Quick magnesium treatment fails to improve stroke outcomes, but study has silver lining

UCLA Health article
5 min read

Dr. Jeffrey Saver, director of the UCLA Stroke Center and a professor of neurology at the David Geffen School of Medicine at UCLA.

In the first study of its kind, a consortium led by UCLA physicians found that giving stroke patients intravenous magnesium within an hour of the onset of symptoms does not improve stroke outcomes.

However, the 8-year trial did find that with the help of paramedics in the field, intravenous medications can frequently be administered to stroke victims within that so-called "golden hour," during which they have the best chance to survive and avoid debilitating, long-term neurological damage.

The latter finding is a "game-changer," said Dr. Jeffrey Saver, director of the UCLA Stroke Center and a professor of neurology at the David Geffen School of Medicine at UCLA. Saver served as co-principal investigator on the research, which was presented Feb. 13 at the American Stroke Association's International Stroke Conference.

"Stroke is a true emergency condition. For every minute that goes by without restoration of blood flow, 2 million nerve cells are lost," Saver said. "Since time lost is brain lost, we wanted to develop a method that let us get potentially brain-saving drugs to the patient in the earliest moments of onset of the stroke. If these patients don't get protective drugs until two, three or four hours later, irreversible brain damage has already occurred."

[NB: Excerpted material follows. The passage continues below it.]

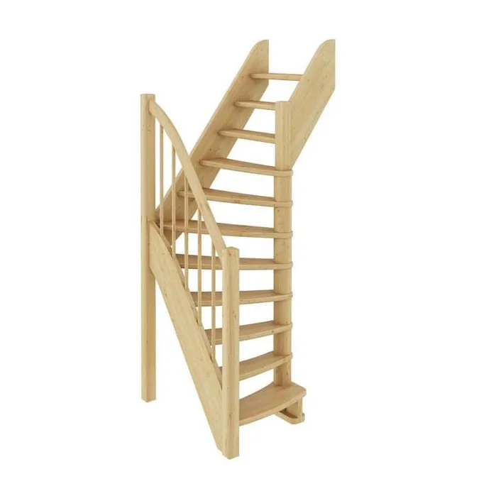 Ступени и поручень лестницы изготовлены из ясень, остальные элементы из сосны.

While the Phase 3 clinical trial found that magnesium does not improve stroke-related disability, the search is now on for new drugs and treatments that can be administered in the field to improve long-term outcomes. The infrastructure to treat patients quickly was created by this study is in place, and that is a major accomplishment, Saver said.

The trial, called Field Administration of Stroke Therapy–Magnesium, or FAST–MAG, involved collaboration among 315 ambulances, 40 emergency medical-service agencies, 60 receiving hospitals and 2,988 paramedics in Los Angeles and Orange counties. Conducted between 2005 and 2013, the study showed that 74 percent of the 1,700 study patients were treated in the first hour, with the magnesium administered within a median time of 45 minutes.

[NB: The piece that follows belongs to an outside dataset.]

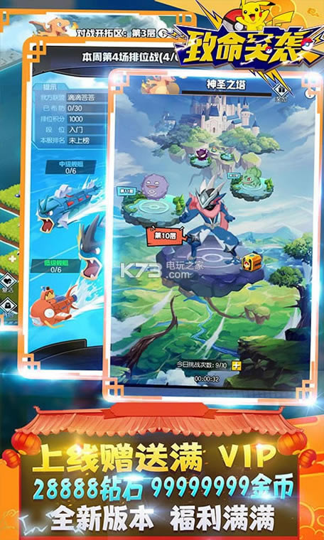超人气手游《致命突袭(无限)》火爆来袭!新增四大精灵阿尔宙斯、钢铁超梦、原始固拉多,原始盖欧卡,新增全新跨服竞技活动--名人战,新增继承功能,精灵可以共享等级资源,全方位培养阵容。热血对战,突破本体限制,MEGA超进化Go!馆长试炼,属性克制免疫,加入全新队形策略,全屏对决一触即发,目标宠物大师! 萌宠在线捕捉,收集属于你的图鉴,探险之路不再孤单! 7天送S宠物,一起踏上冠军之路吧!

"With this study, we were able to reach the threatened brain faster than ever before," said co-principal investigator Dr. Sidney Starkman, co-director of the UCLA Stroke Center and professor of emergency medicine and neurology at the Geffen School. "The study has really opened up opportunities to treat patients in the pre-hospital setting in the earliest minutes after symptoms appear."

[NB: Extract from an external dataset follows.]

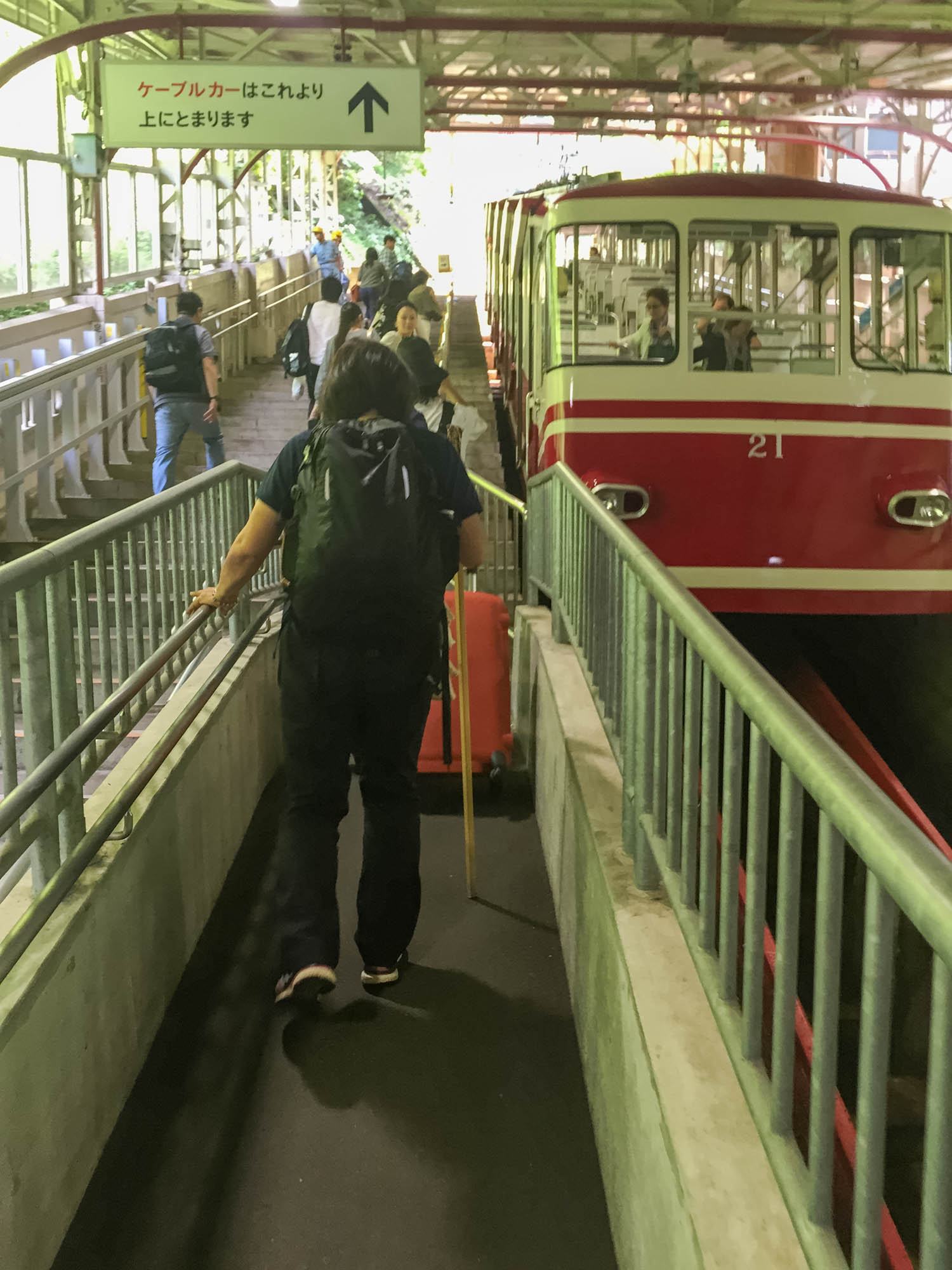 und schließlich mit der Zahnradbahn hinauf nach Kōyasan – und von dort mit dem Bus zum Ekōin-Tempel.

Starkman said that the study would not have been possible without the approval and confidence of the California and local emergency medical-service agencies and the administrations of the participating hospitals.

Today, the only immediate treatment for strokes caused by blockage of blood vessels is the clot-busting drug tissue plasminogen activator (tPA). But tPA cannot be given until the patients arrive at the hospital and undergo a CT scan to rule out bleeding in the brain. Giving tPA in an ambulance without a CT scan first is not an option because it could harm patients whose strokes are caused by brain bleeds, Saver said. However, neuroprotective drugs can be administered in the field because they're safe for both blockage and the bleeding strokes.

For the FAST–MAG trial, magnesium was chosen because it was shown to dilate blood vessels in the brain in animal studies, increasing blood flow. It also countered the damaging calcium build up that occurs in cells deprived of oxygen. It was already approved to treat medical conditions in people, and it was known to have a good safety profile.

Saver said FAST–MAG researchers are extremely indebted to the nearly 3,000 paramedics involved in the study, as well as the emergency medicine physicians, neurologists, neurosurgeons and nurses who participated.

"Now we are tasked with finding a different agent or combination of agents that can improve stroke outcomes within that golden hour," Saver said. "We developed a treatment platform that works and can be used around the world to test promising agents. FAST–MAG has opened a new, earlier-than-ever window for treatment that has the potential to significantly improve outcomes for the hundreds of thousands of people each year who suffer a stroke."

The National Institute of Neurological Disorders and Stroke (NINDS), part of the National Institutes of Health, sponsored the FAST–MAG study. 

"NINDS is extremely grateful to the investigators, emergency medical technicians and patients who participated in this landmark study demonstrating how to test therapies in stroke patients before they arrive at the hospital," said Dr. Walter Koroshetz, deputy director of NINDS. "NINDS has just set up a new national stroke trials network which can incorporate the lessons learned in FAST–MAG, but also increase the likelihood that the treatments we test will improve patients' lives."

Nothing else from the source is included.